In its 2023 annual report, SRTF documented 35 active projects with a total budget of €82.85 million, reaching 1.13 million individuals across priority sectors (agriculture, health, electricity, livelihoods).
In 2024, it greenlit new health and agriculture projects—e.g. a €2.76 million wheat support initiative to benefit 2,000 farmers and a €0.55 million health program providing 6,240 dialysis sessions over 10 months. The total number of SRTF projects then stood at 71, with a cumulative budget of around €269.07 million.

==Achievements and impact==
SRTF’s own reporting claims substantial reach: as of 2024, it asserts to have reached 14 million people with basic services, income support, and food security programming. In 2023, through 35 projects, 1.13 million individuals across sectors were benefitted.
Sectorally, in 2023 the fund supported wheat production on 26,321 hectares by 12,438 farmers, resulting in ~100,000 tons in output. It also assisted bread production by supplying materials to mills and bakeries, alongside promoting renewable energy in health, water, and agricultural operations.

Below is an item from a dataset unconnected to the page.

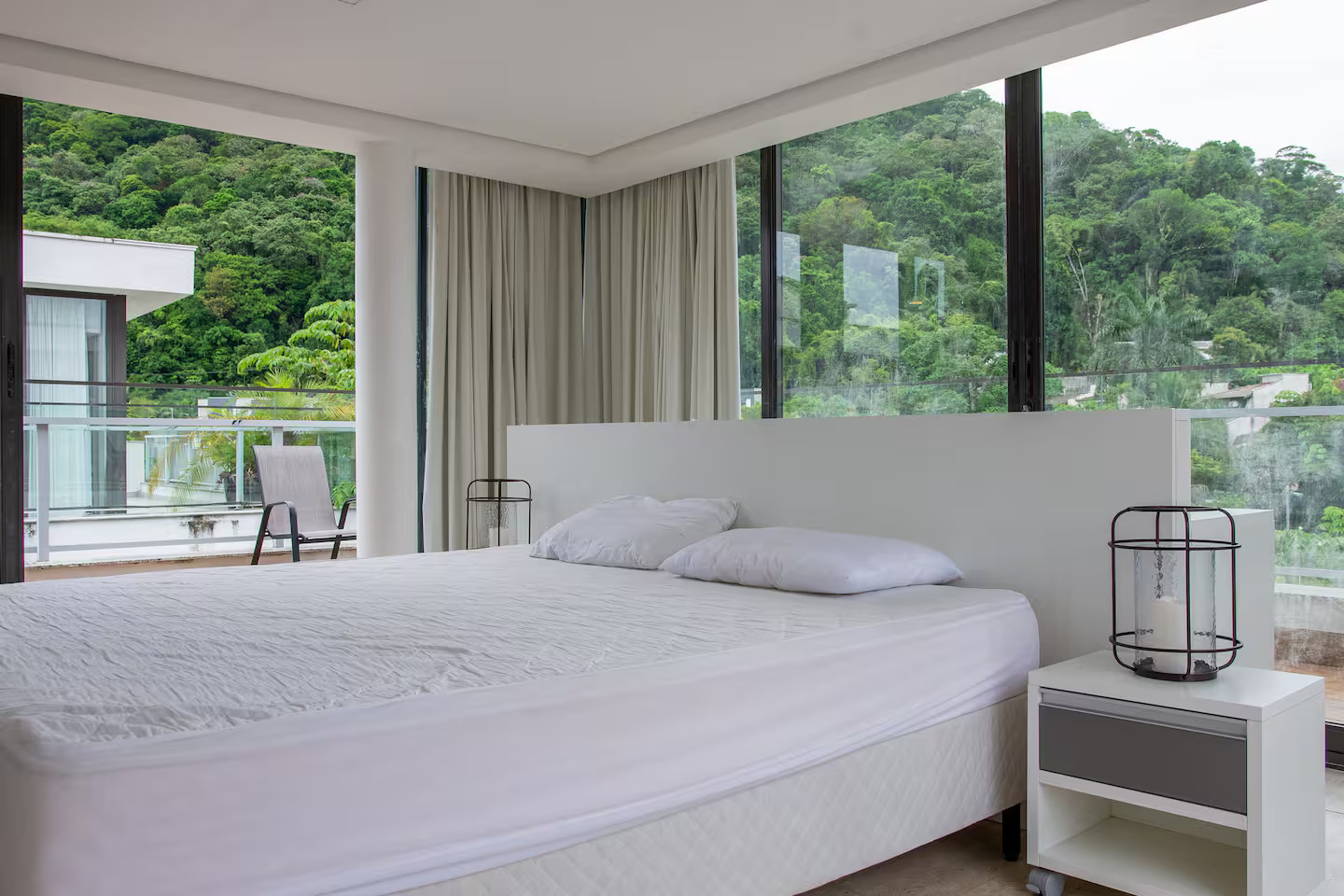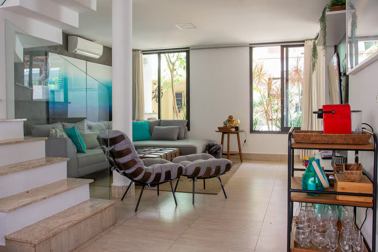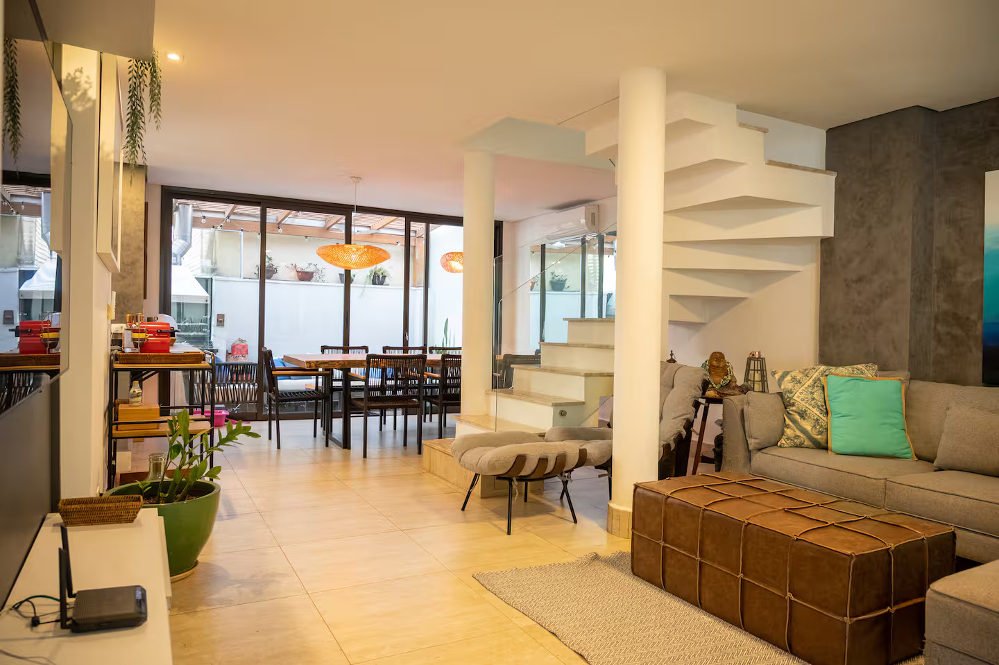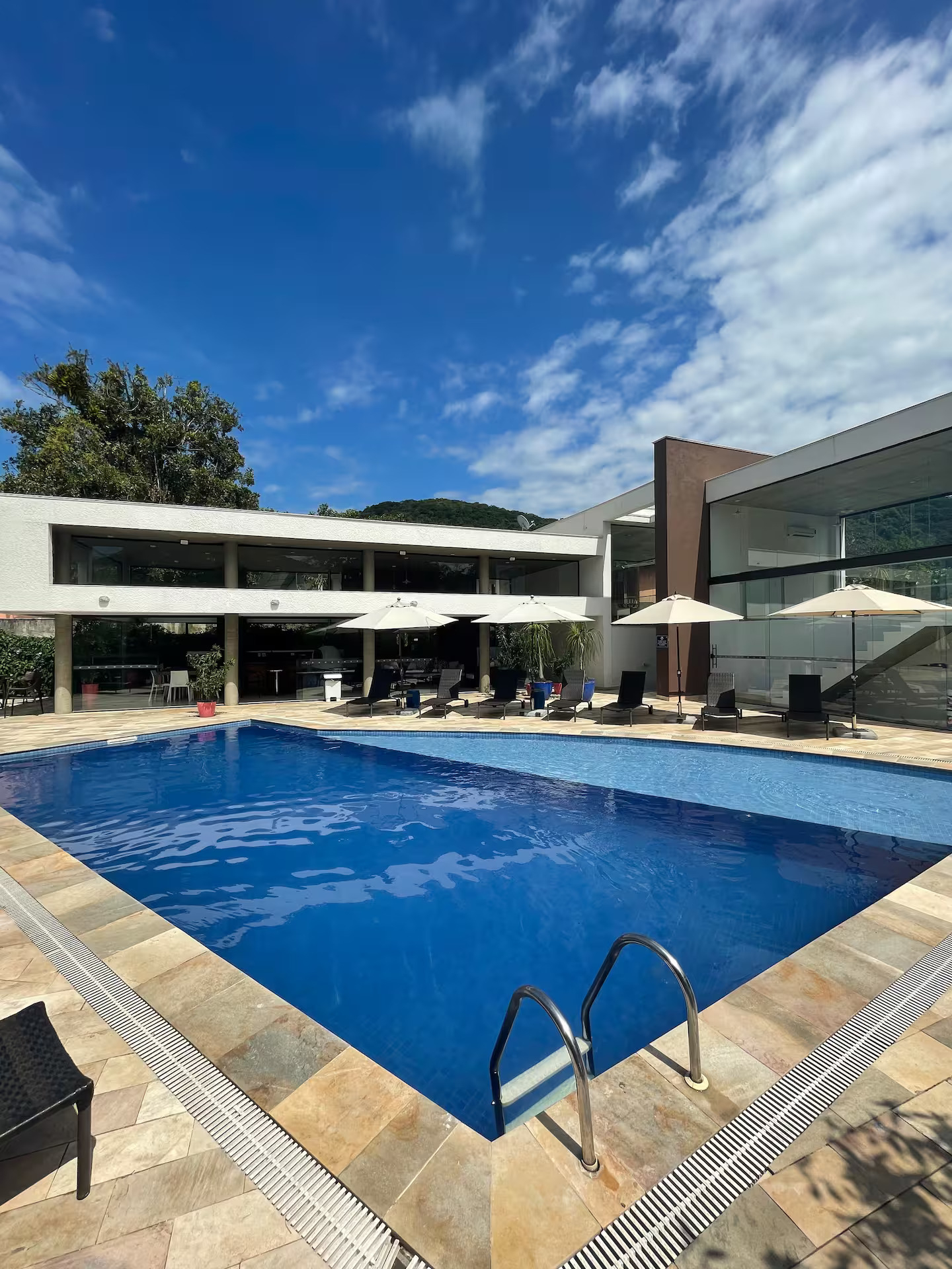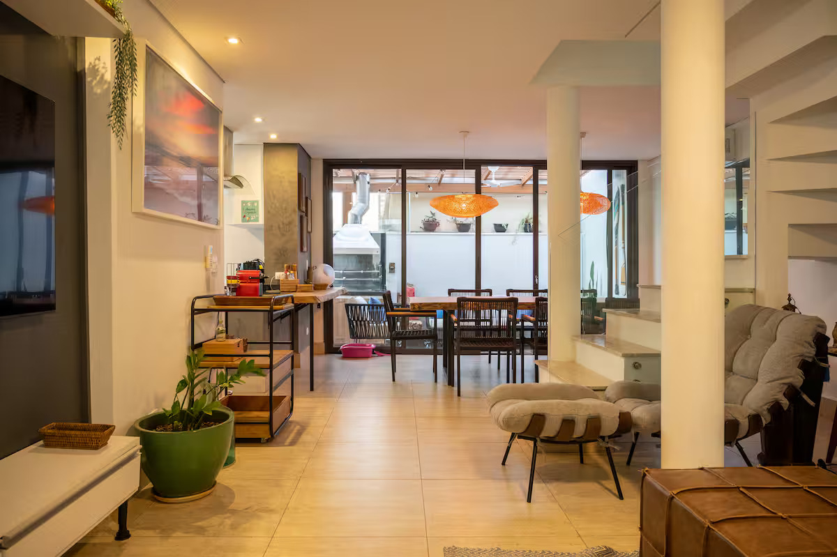 A casa conta com 5 quartos (3 suítes), todos com ar-condicionado, além de amplas salas climatizadas.

==Challenges and criticism==

Public-facing sources seldom provide detailed critical assessments of SRTF, but some commonly observed challenges include:
- Access constraints: Security and territorial fragmentation impede project delivery in certain zones.
- Reliance on self-reporting: Much of the evidence of impact is derived from donor or fund reports, with limited independent evaluation in public domain.
Further critical appraisal by independent research or NGOs would strengthen the article’s balance and verifiability.